As the WNBA and NBA prepare to return, players from both leagues have offered solutions to this complicated question. For some, racial justice supersedes sport. The Atlanta Dream’s Renee Montgomery and Washington Mystics’ Natasha Cloud have opted out of the 2020 WNBA season in favor of activism, while a group of NBA players, highlighted by the Brooklyn Nets’ Kyrie Irving and Avery Bradley and Dwight Howard of the Los Angeles Lakers, have questioned whether the NBA’s return can benefit racial justice.
For others, returning to the arena is an opportunity to raise awareness. LeBron James recently announced his “More Than a Vote” initiative, with the Phoenix Mercury’s Skylar Diggins-Smith, among others, serving as an ambassador.
WNBA and NBA leadership have emphasized that playing provides athletes with a powerful platform. Michele Roberts, executive director of the NBPA, has invoked the example of John Carlos and Tommie Smith, who raised their black-gloved fists on the medal stand at the 1968 Olympic Games. Likewise, WNBA commissioner Cathy Engelbert has suggested, “At a time like this, we can continue to amplify our voices. With Black Lives Matter, with representing women, with causes that are important to our league. There’s an opportunity to really do this right.”
Yet, the ability to serve as an escape is part of sports’ power. It is all too easy too indulge in and obsess over fast breaks, defensive rotations, 3-point percentages and crossover dribbles. In an interview with ESPN, NBA commissioner Adam Silver exposed the tension between escapism and activism, arguing that the NBA’s return will serve as a needed distraction and at the same time stimulate conversations about social justice.

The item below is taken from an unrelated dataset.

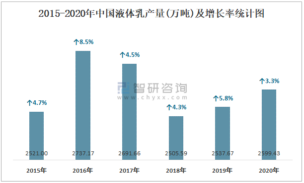 根據國家統計局數據顯示:2021年7月中國液體乳產量為240萬噸,同比增長0.31%;2021年1-7月中國液體乳累計產量為1636.5萬噸,同比增長14.61%;2015-2020年中國液體乳產量2018年跌至最低,此后逐年遞增。
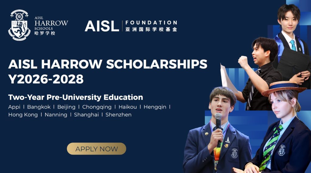The application deadline for the Y2026-2028 AISL Harrow Scholarships is Sunday 30th November 2025. For further details, please visit the webpage of AISL Harrow Scholarships Y2026-2028.

“For us, we feel that this is what we do: We put on NBA basketball,” Silver stated. “We think that for the country, it’ll be a respite [from] the enormous difficulties people are dealing with in their lives right now.”
“And in terms of social justice issues, it’ll be an opportunity for NBA players in the greater community to draw attention to the issues because the world’s attention will be on the NBA in Orlando if we’re able to pull this off,” he added.
Angel McCoughtry, however, may have found a way to resolve the tension between the PLAY and DON’T PLAY camps.
Wear their names
On Monday, McCoughtry revealed that she and the Las Vegas Aces are working with the WNBA to arrange for players’ uniforms to feature the names of Black citizens killed by the police.
While McCoughtry suggests players also could wear jerseys naming front-line workers, limiting the names to Black victims of state-sanctioned violence would amplify the power of this action and underscore the ethos of #BlackLivesMatter.
During the 2019 She Believes Cup, the US Women’s National Soccer Team celebrated “powerful, influential, iconic and inspirational women” by wearing the names of everyone from Ruth Bader Ginsburg and Cardi B to Elena Delle Donne on the backs of their jerseys. The jerseys recognized the breaking of barriers — those who have, in different ways and in different spaces, succeeded in spite of challenges based on gender, race and sexuality. In short, the jerseys were designed to make fans feel good.
In contrast, WNBA jerseys with the names of dead Black people murdered by the police would do the opposite.
Which is the point.
The names of Breonna Taylor or George Floyd or Tony McDade or anyone else from a too-long list would serve as discomfiting reminders of the brutality and oppression that still exist in America. The jerseys would be signs urgency, not inspiration. They also would collapse the false distinction between the Black athletes who perform on the basketball court (often for the pleasure of white fans) and Black people trying to make their way in the world (often ignored by white people).
As Sue Bird pointedly asked while hosting the 2020 ESPY Awards, “Do Black lives matter to you when they’re not throwing touchdowns, grabbing rebounds, serving aces? If that was uncomfortable for you to hear, good.”
Wearing the names of the Black victims of police violence prevents basketball from becoming an easy distraction.
Even as fans revel in an hesi-dribble and drive from McCoughtry, a turn-around jumper on the block from A’ja Wilson or a pull-up 3-pointer from Kayla McBride, they would be reminded of Taylor, Floyd and other overlooked victims of America’s enduring sin.
McCoughtry’s idea also would materialize the sentiment expressed by Chiney Ogwumike.
In sum. McCoughtry’s proposal would contribute to the WNBA’s effort to make its return “Bigger Than Ball.”